返済金猶予制度、苦しくなる金融機関には公的資金も=金融相
[東京 19日 ロイター] 亀井静香郵政・金融担当相は18日、ロイターなどのインタビューに応じ、法制化を進めている中小企業や個人による借入金の返済猶予(モラトリアム)制度によって経営が苦しくなる金融機関には、公的資金を注入すればよいとの考えを示した。
同制度の導入に向けた発言を受けた銀行株の下落については、金融界の体質がぜい弱なためとの見解を示し、国際的な議論が高まっている銀行の自己資本規制に関しては、当たり前だと述べた。
亀井郵政・金融担当相は、モラトリアムを実施する中で資金不足に陥る金融機関が出る場合には、公的資金を注入すればよいと述べた。「現在も地銀に資本注入している。返済猶予をしていなくても資金繰りに困っている金融機関もあり、ましてそういうこと(返済猶予)で資本注入しなければいけないところが出てくれば(資本注入)すればよい」と語った。「どの程度経営圧迫になるかどうかは分からないが、圧迫する場合は、国が責任を持って対応すればいい。日銀が役割を果たす場合も出てくるだろうし、政府がやる場合もあるだろう。いろんなバリュエーションがある」とした。
モラトリアムの実現可能性については「実現させる。3党合意もしている。事務方にも勉強しろと指示した」とあくまで実現への意欲を強調。一部の銀行には公的資金が注入されていることを踏まえて、「貸し手が困ってるときは政府が国民の税金で(資本注入を)やる。借り手が困ってるときに返済猶予するのは当たり前。それがおかしいというのはバランス感覚がない」と述べた。
亀井郵政・金融相によるモラトリアム発言以降、銀行株が下落したことについては「モラトリアムをやるから金融界が脅えるというならば、日本の金融体質が脆弱だということ」と指摘した。
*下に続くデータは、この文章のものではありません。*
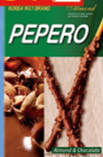
СОЛОМКА В ШОКОЛАДНОЙ ГЛАЗУРИ с миндалем «Альмонд Пеперо», 36 г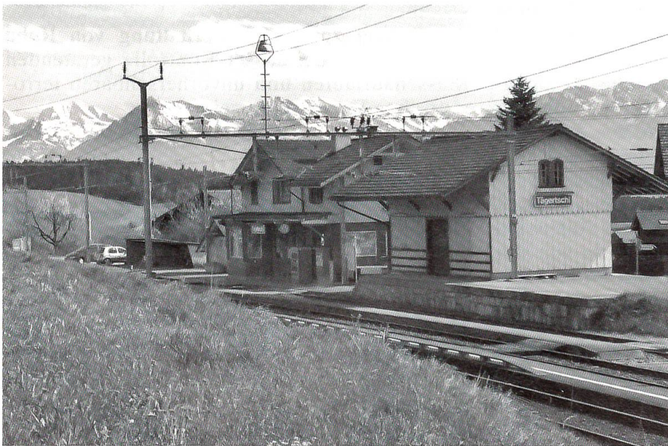
Station Tägertschi, alias Hëutlige, mit grandioser Aussicht

Gesellschaften, die sich bemühten, die Erlaubnis zur Errichtung möglichst rentabler Linienführungen zu erhalten. So baute 1854–1859 die «Schweizerische Centralbahn» mit Basel als Kopfpunkt ihres Netzes und mit Anschluss an die Eisenbahn aus dem Elsass die Linie Basel–Olten samt den Abzweigungen nach Aarau, Luzern, Burgdorf–Bern, Thun und Herzogenbuchsee–Solothurn. Zu ihr trat die «Ostwestbahn» in

モラトリアム導入の必要性について、藤井裕久財務相が1927年の昭和金融恐慌時に発令されたモラトリアムに言及し「(今が)そういう状況なのか」と慎重発言をしたことに対しては「私がやることだ」と不快感を示した。
モラトリアムの詳細は今後詰めるが「本来ならば、たいへんなので少し返済を待ってくれという借り手がいたら、金融機関が猶予するのは普通のことだ。ところが実体的には力関係があるから、なかなかそうはいかず、借り手が苦しんでいる現実がある」と説明。こうした状況を解決するためにモラトリアムが必要だとし「そういう意味で実効性があるやり方を考えないといけない」と述べた。
業績回復の見込みがない企業に対する返済猶予も実施するのかどうかの判断は「そこらの仕組みをこれから検討しようとしている。個々の金融機関が恣意的に判断した場合、この制度の意味もなくなる」と述べるにとどめた。
亀井郵政・金融相は「なんでもかんでも国家が入って、私的な関係に介入すればいいとの考え方ではない。民間同士でうまくいくのが一番よい」との立場を示したが「現実において力関係その他で無理だから、国家が出て行かざるを得ない」と、制度導入への理解を求めた。「日本経済がきちんと立ち直ってドンドン借りた金が返せるという状況になれば、これは事実上必要なくなる」とも述べた。 続く...
金融界にはモラルハザードがある
亀井郵政・金融担当相は、金融界にはある面でモラルハザードが起きていると疑わざるを得ない事柄が相当あると述べた。